(Dataset excerpts begins)
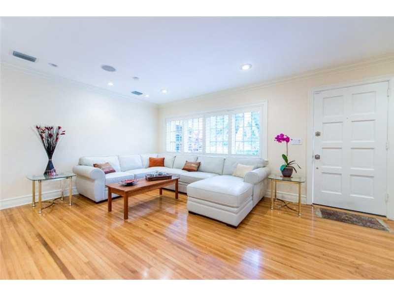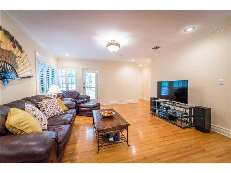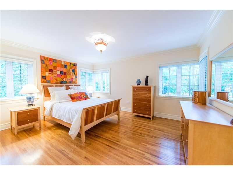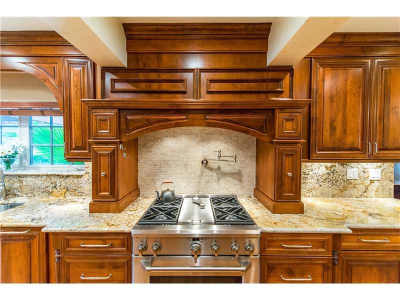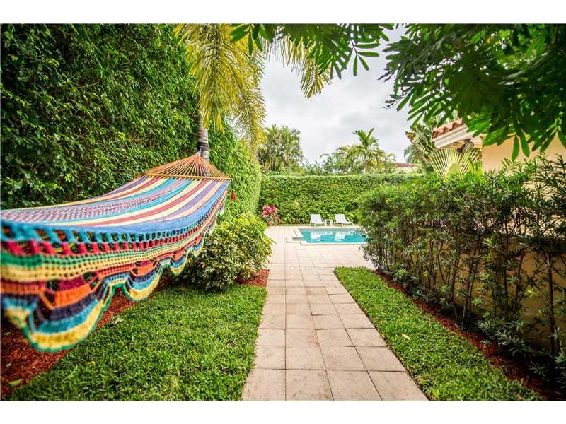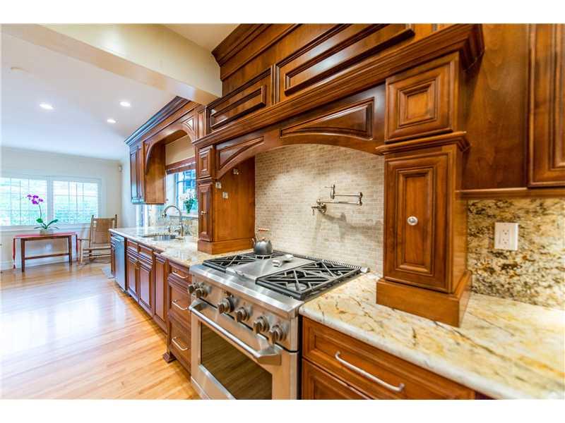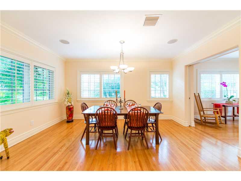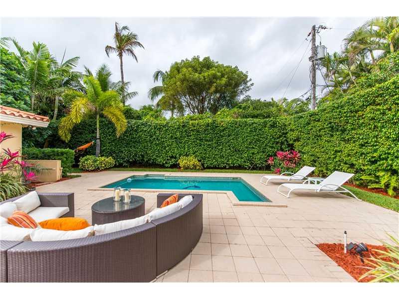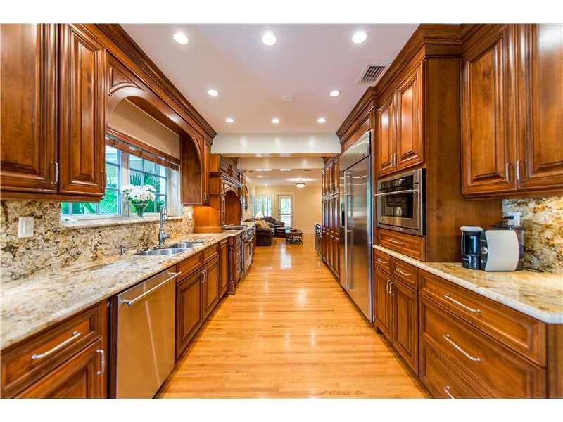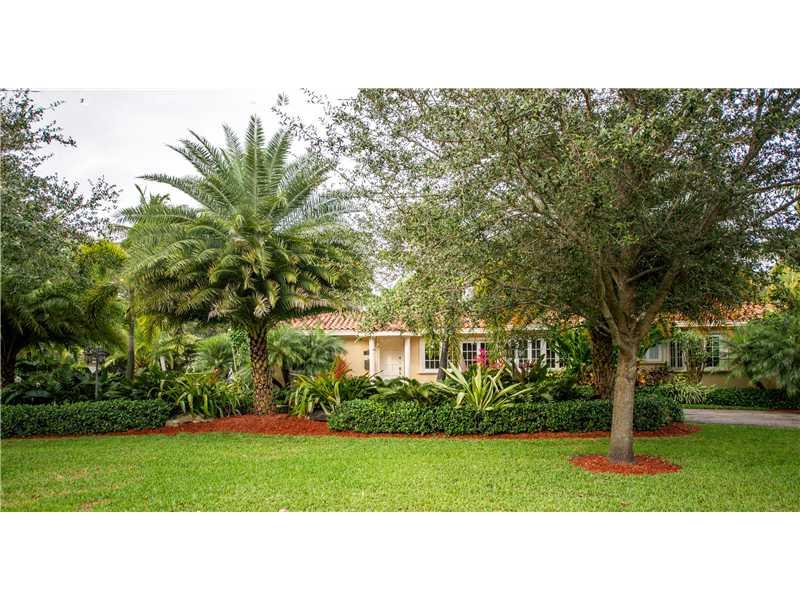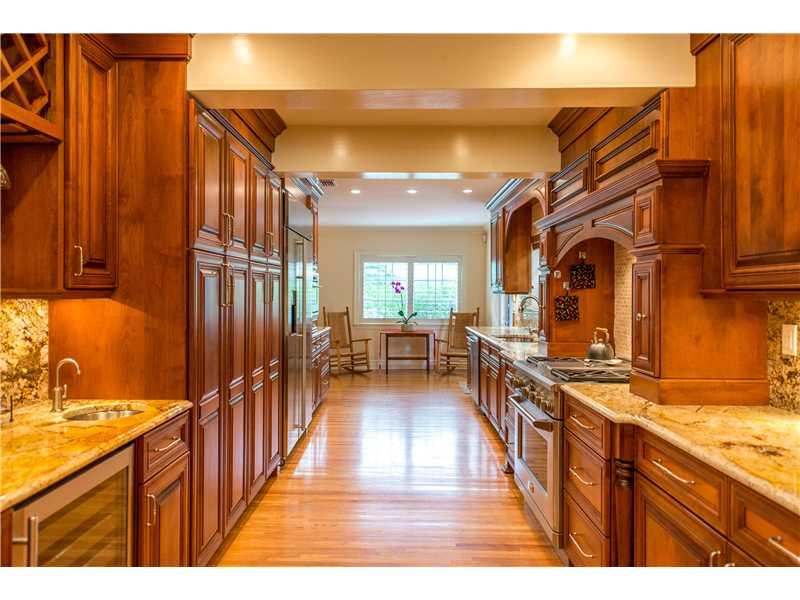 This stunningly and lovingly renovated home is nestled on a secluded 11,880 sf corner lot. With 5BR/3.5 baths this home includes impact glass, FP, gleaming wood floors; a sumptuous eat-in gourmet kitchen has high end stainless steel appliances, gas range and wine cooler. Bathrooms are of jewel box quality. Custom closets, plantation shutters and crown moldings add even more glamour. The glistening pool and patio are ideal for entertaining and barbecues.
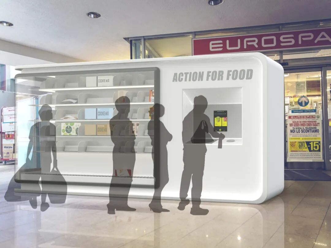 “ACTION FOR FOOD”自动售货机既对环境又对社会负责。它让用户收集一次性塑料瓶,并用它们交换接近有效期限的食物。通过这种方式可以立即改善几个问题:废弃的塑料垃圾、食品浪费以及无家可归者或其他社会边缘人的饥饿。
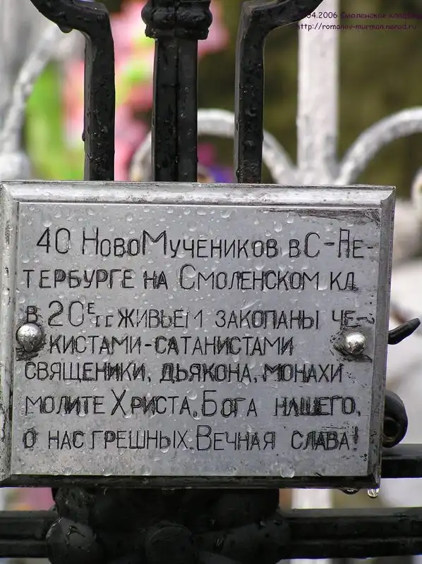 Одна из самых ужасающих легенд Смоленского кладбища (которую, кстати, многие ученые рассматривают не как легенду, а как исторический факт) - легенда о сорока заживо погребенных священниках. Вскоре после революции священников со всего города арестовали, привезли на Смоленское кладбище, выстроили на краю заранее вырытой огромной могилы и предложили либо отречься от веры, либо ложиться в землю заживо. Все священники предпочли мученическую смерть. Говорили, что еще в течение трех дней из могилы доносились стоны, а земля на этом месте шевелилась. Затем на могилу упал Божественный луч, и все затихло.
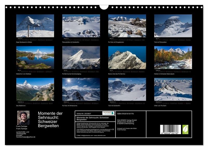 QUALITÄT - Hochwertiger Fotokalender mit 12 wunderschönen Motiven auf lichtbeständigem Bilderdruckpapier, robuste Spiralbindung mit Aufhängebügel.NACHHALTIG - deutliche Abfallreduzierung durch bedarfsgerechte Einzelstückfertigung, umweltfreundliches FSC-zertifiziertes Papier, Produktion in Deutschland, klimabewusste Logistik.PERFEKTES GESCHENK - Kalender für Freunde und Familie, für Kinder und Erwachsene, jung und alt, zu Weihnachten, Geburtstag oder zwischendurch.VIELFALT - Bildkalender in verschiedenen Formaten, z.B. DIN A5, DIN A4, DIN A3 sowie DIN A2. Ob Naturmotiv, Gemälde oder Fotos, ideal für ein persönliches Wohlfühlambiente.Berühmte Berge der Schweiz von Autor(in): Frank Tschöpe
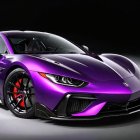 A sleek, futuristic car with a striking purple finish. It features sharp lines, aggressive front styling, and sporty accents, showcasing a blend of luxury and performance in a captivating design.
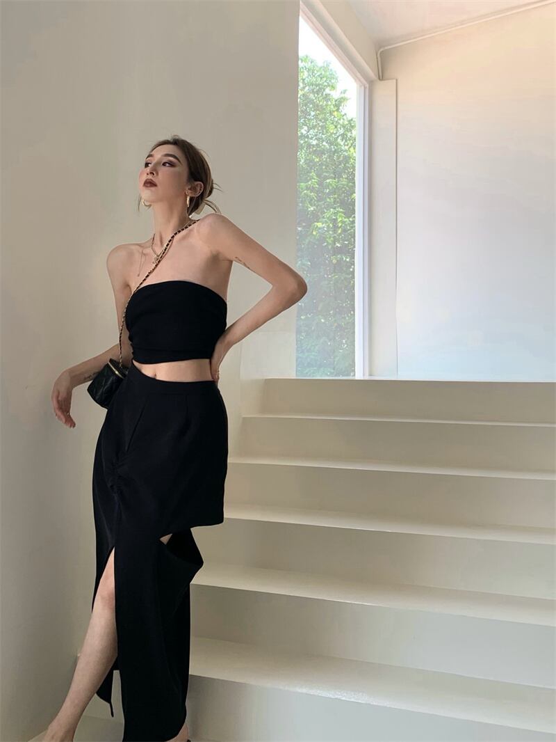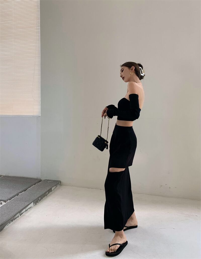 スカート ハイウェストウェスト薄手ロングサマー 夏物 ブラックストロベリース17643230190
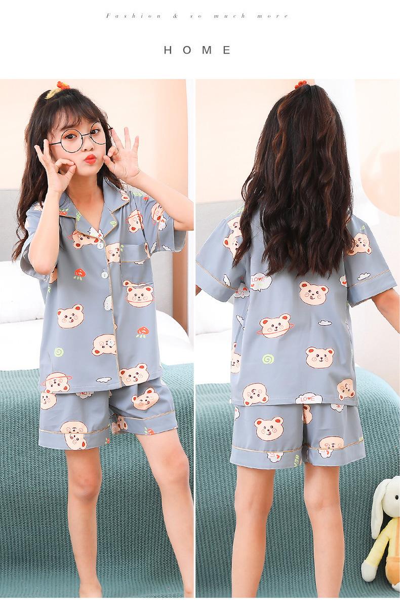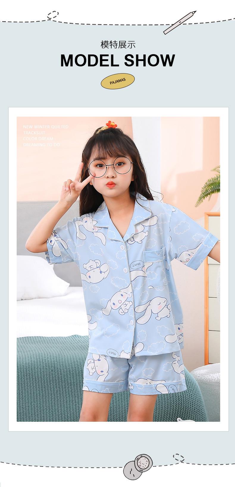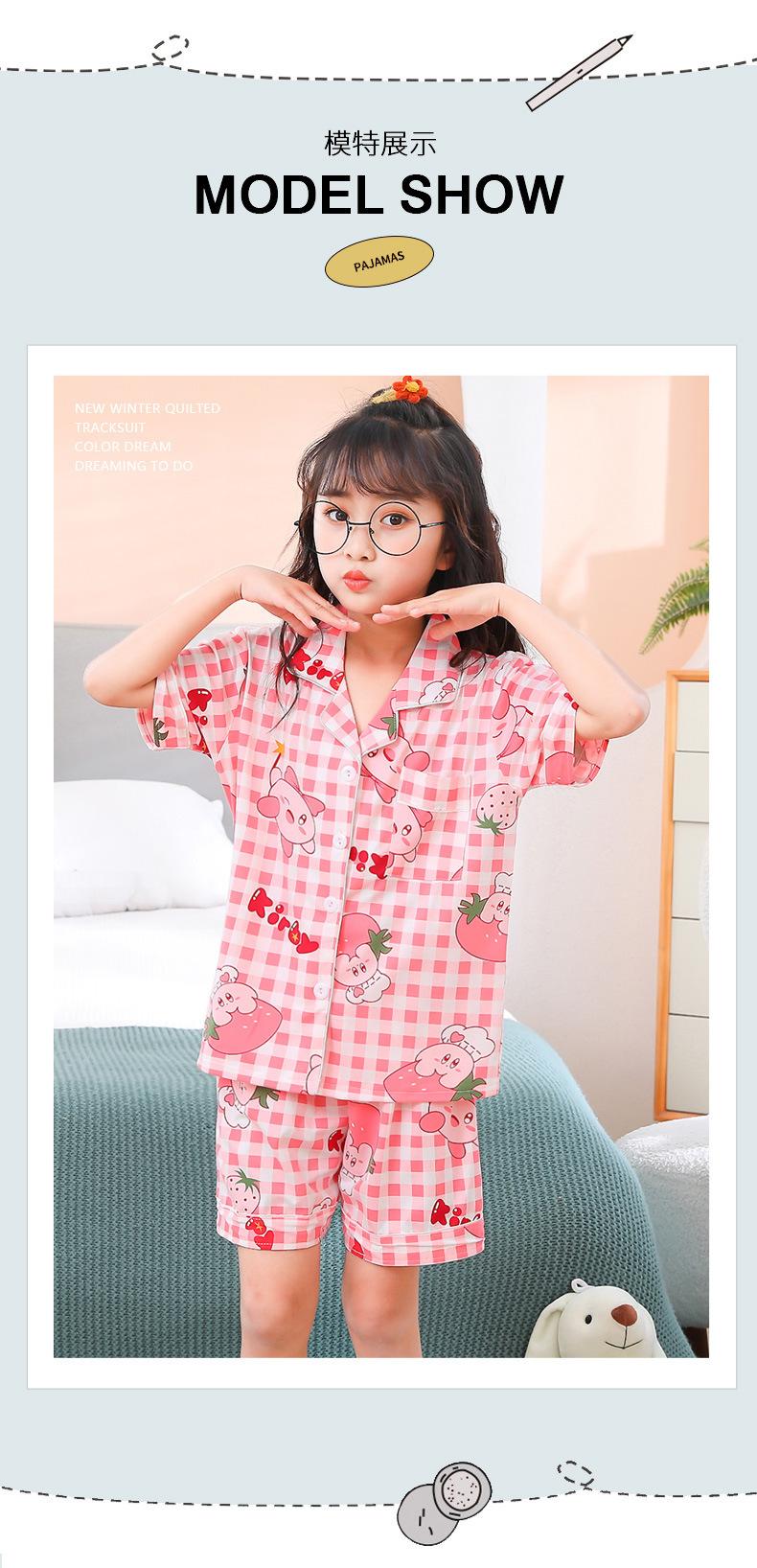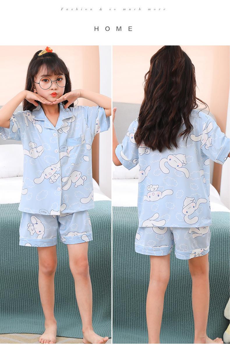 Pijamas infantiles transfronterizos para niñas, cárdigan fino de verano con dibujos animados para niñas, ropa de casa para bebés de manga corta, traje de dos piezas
(Dataset excerpts ends)
Task prompt: Every line from the one containing "A sleek, futuristic" through the last line of the records is to be reproduced exactly, with pictures left out and nothing else given.

Exercise result:
 A sleek, futuristic car with a striking purple finish. It features sharp lines, aggressive front styling, and sporty accents, showcasing a blend of luxury and performance in a captivating design.
 スカート ハイウェストウェスト薄手ロングサマー 夏物 ブラックストロベリース17643230190
 Pijamas infantiles transfronterizos para niñas, cárdigan fino de verano con dibujos animados para niñas, ropa de casa para bebés de manga corta, traje de dos piezas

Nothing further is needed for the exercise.